Blondie was founded by Harry and Stein in 1974, and Burke quickly came aboard as the group’s second drummer in 1975, generally being considered an original member given the brief tenure of his predecessor. The group’s first single, “X-Offender,” came out in June 1976, and their debut album followed at the end of that year. Burke remained with the group through their breakout success with 1978’s “Parallel Lines” album, and their first breakup in 1982, rejoining for a series of reunions that began in 1997.

A reformed edition of the band, with Stein sidelined, performed at the Coachella festival in 2023 and again in the SoCal area last May at the Cruel World festival, where, Variety writer Pat Saperstein wrote, “Clem Burke’s drumming is as muscular as ever.” Their final show with Burke was June 19, 2024 in Belfast. The last album to have been released was “Pollinator” in 2017, although Blondie had announced plans to release a new studio album this year.

“For some reason, we’re partners for life,” Burke told Variety writer A.D. Amorosi in a 2022 interview, when the band was releasing a career-retrospective boxed set. “Plus, I brought my aesthetic of a love of all-thing-’60s — bubblegum, power pop — and that stuck and became part of the Blondie style that wasn’t there before I came on the scene.”

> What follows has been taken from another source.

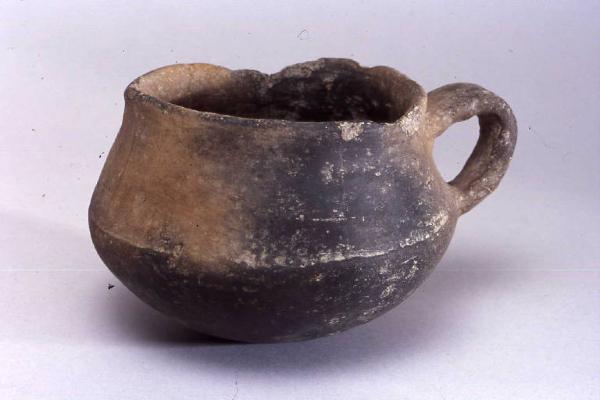 Tazza a corpo con risegha monoansata,prodotta con ceramica d'impasto finemente depurata con minuti inclusi micacei, color grigio, e superficie lisciata, avente orlo di forma arrotondata, assottigliato, lievemente esoverso, parete distinta rettilinea rastremata verso l'orlo, vasca a calotta e fondo convesso. L'ansa, di tipo ad orecchio è impostata sotto l'orlo. Il pezzo presenta lacune all'orlo.

Blondie’s first single to crack the Billboard Hot 100 was also the group’s biggest: “Heart of Glass” went right to No. 1 in 1979. Three more No. 1 smashes followed: “Call Me” and “The Tide is High” in 1980,, and “Rapture” in 1981. No other singles cracked the top 10 in the U.S., although “One Way or Another” and “Dreaming” came closest, at Nos. 24 and 27, respectively.

In the U.K., chart success came earlier, with “Denis,” “(I’m Always Touched by Your) Presence, Dear” and signature song “Hanging on the Telephone” all making the top 10 in 1978 prior to “Heart of Glass” also reaching No. 1 there.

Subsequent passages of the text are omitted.